Set down, word for word, every line of the material below from the one containing "重なりあうストライプシャツの" through the one containing "撮影行為は継続しながら、我々はケーキで一休みしております。", but none of its pictures.

#### EXTRACTED ENTRIES
┄┄┄┄┄┄
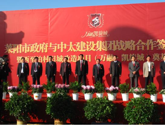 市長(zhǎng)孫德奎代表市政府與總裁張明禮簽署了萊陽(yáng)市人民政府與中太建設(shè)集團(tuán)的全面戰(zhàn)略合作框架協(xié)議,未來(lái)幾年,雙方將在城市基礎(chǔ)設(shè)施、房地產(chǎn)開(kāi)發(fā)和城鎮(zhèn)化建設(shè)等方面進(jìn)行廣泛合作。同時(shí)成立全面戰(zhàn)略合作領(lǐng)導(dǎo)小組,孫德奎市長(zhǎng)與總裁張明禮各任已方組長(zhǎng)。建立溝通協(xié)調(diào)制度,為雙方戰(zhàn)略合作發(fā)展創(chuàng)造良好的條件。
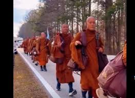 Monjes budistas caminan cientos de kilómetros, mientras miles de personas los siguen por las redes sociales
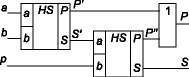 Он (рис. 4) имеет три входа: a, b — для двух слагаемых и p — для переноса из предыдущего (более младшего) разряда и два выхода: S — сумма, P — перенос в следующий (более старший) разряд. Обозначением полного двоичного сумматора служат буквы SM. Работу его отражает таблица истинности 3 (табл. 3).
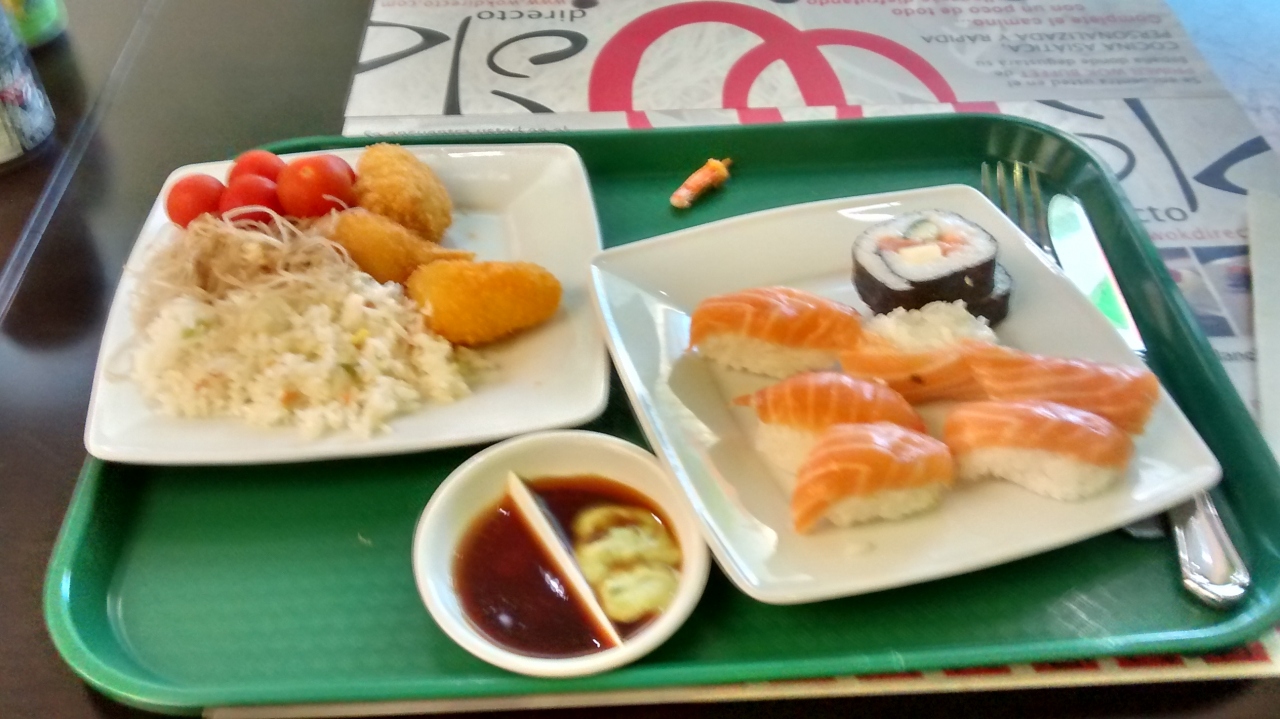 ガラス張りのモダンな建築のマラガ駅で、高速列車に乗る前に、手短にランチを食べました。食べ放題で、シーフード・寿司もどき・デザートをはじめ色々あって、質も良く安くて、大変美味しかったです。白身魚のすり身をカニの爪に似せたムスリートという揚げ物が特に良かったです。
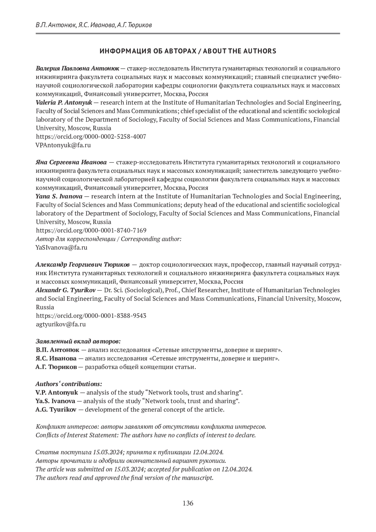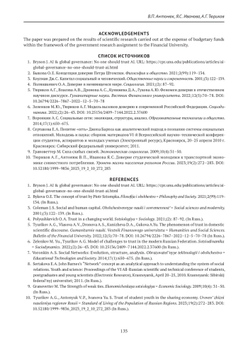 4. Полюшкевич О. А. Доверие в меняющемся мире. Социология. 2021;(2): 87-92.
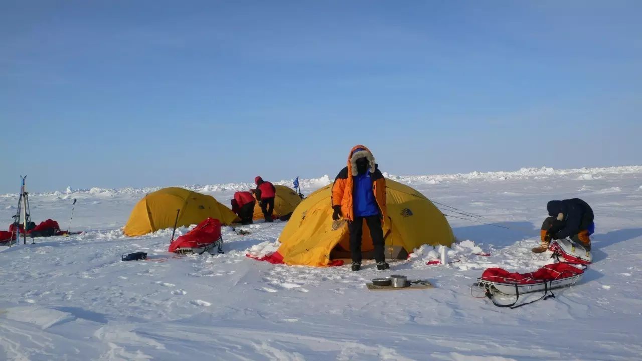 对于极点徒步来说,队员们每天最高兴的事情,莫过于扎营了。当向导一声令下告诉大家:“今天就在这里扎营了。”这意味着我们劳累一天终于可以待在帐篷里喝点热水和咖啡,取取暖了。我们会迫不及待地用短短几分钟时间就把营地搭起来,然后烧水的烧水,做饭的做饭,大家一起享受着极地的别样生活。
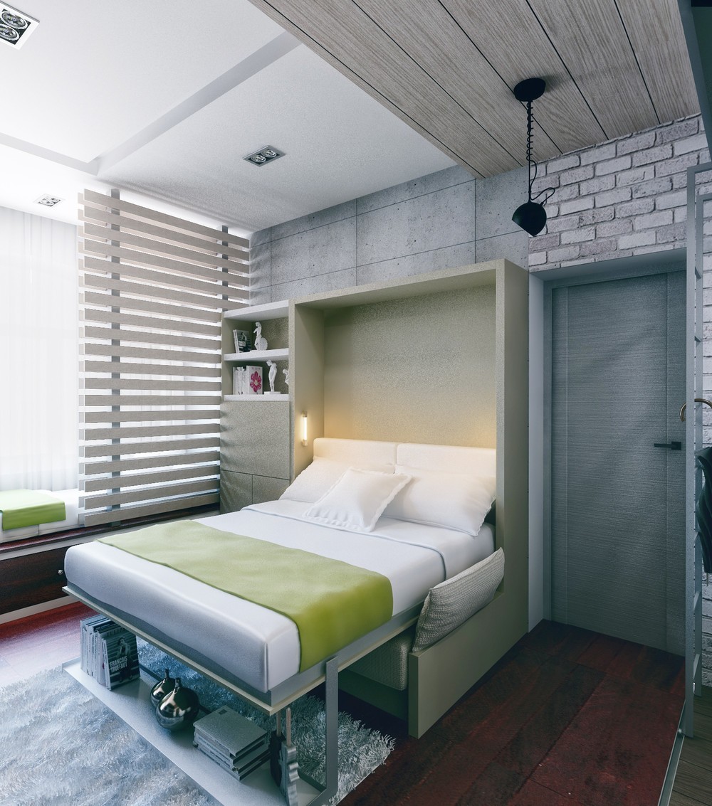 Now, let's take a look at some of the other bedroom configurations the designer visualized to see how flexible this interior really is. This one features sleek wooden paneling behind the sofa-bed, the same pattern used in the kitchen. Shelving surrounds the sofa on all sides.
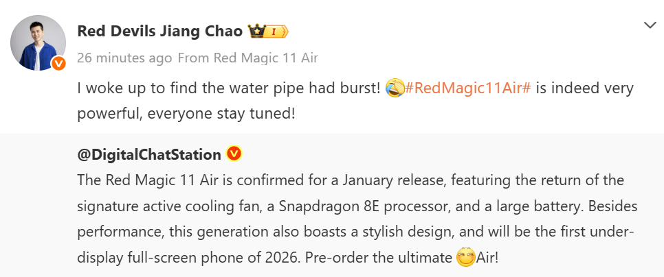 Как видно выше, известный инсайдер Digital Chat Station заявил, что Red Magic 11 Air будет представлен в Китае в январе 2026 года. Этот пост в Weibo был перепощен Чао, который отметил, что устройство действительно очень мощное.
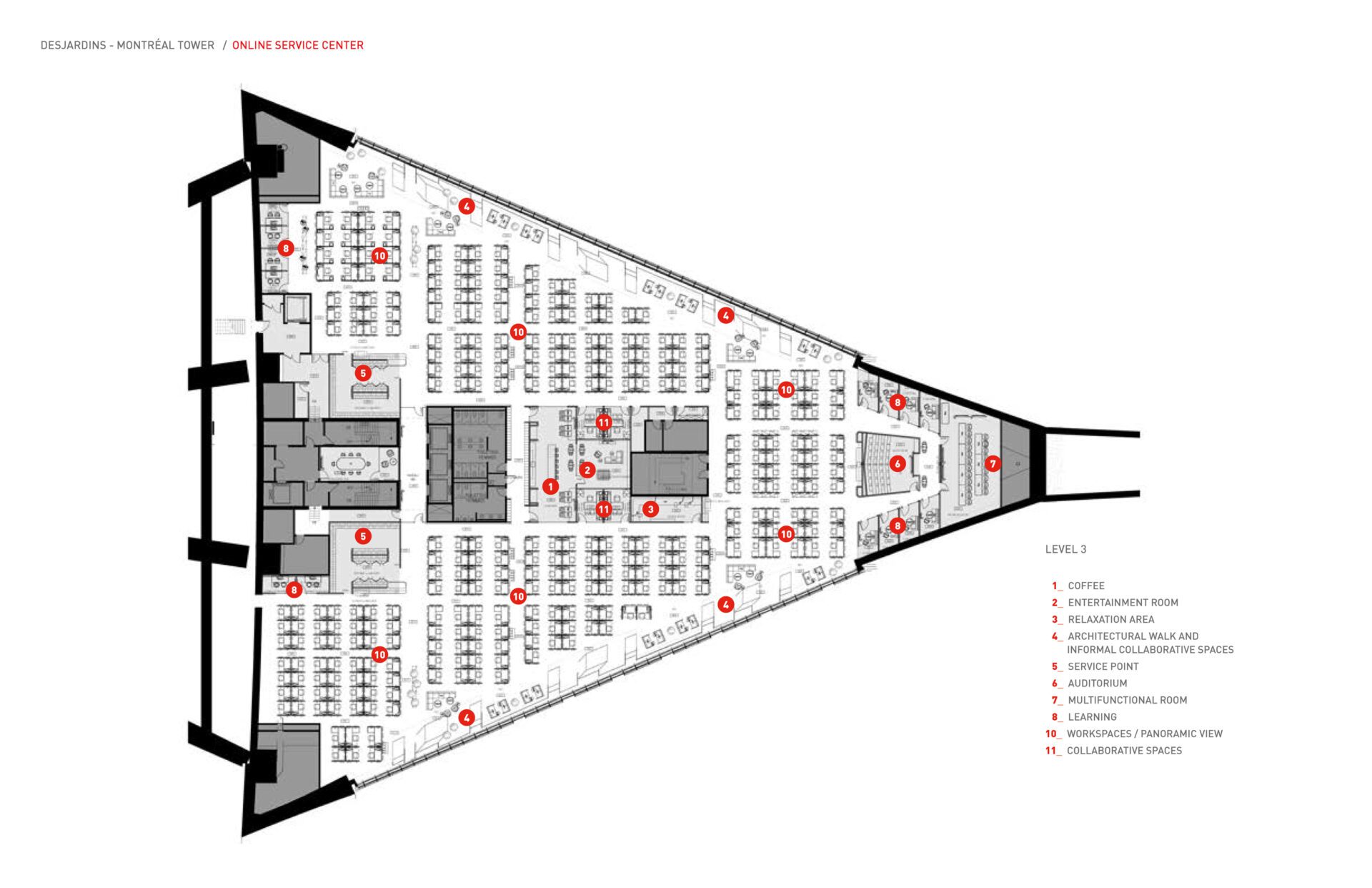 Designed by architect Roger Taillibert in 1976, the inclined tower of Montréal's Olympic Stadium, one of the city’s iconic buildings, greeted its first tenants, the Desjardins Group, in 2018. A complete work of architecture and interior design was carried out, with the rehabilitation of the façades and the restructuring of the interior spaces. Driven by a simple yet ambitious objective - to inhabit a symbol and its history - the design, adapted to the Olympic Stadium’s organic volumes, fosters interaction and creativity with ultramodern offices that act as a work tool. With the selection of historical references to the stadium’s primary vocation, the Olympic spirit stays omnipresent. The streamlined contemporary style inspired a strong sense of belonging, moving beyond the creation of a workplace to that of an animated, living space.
┄┄┄┄┄┄
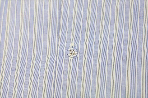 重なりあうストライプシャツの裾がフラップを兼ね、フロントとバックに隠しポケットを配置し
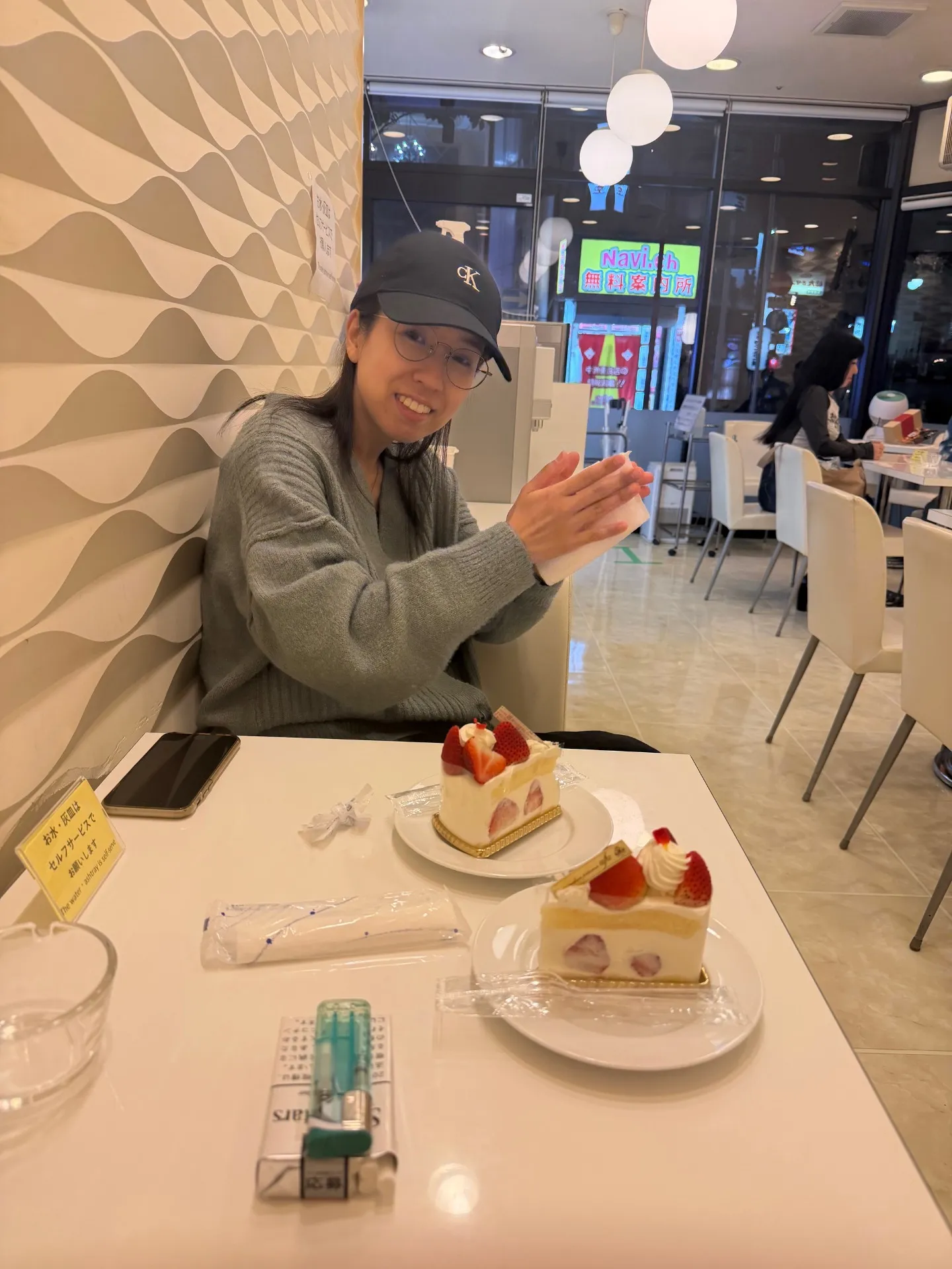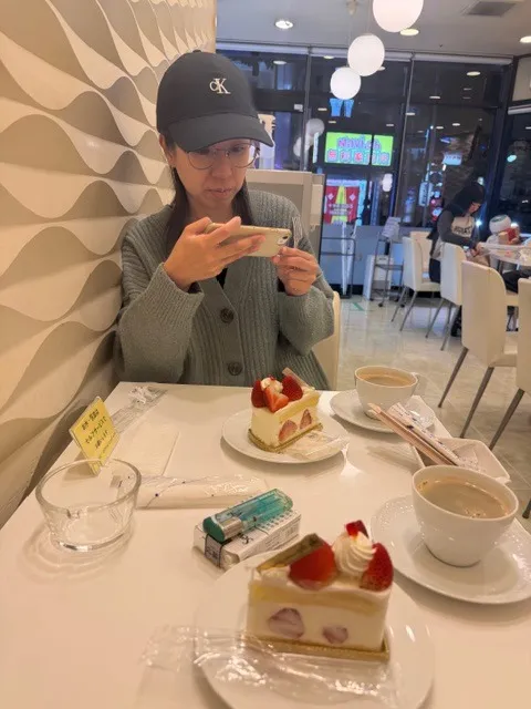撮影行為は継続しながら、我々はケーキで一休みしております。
┄┄┄┄┄┄
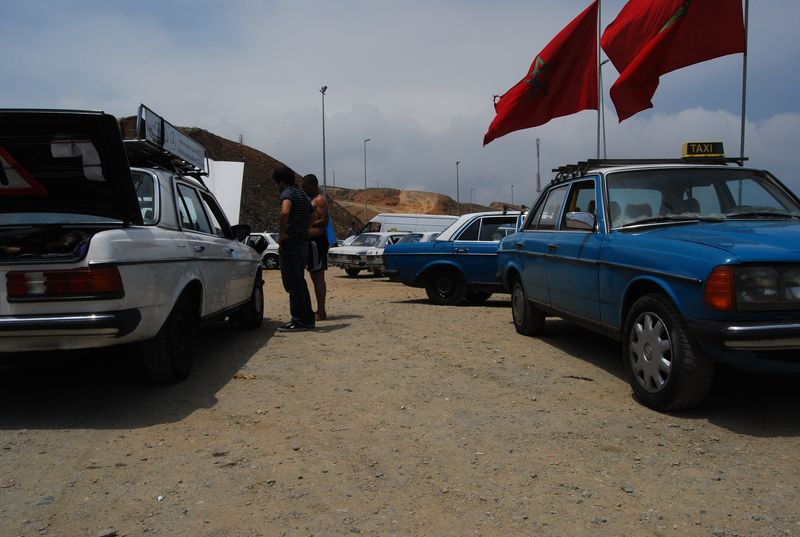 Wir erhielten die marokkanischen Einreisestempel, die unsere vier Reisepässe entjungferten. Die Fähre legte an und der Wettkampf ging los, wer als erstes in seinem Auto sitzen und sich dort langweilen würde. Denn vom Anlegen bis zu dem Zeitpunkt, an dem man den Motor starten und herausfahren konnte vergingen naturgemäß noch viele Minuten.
┄┄┄┄┄┄
#### RESULT
 重なりあうストライプシャツの裾がフラップを兼ね、フロントとバックに隠しポケットを配置し
撮影行為は継続しながら、我々はケーキで一休みしております。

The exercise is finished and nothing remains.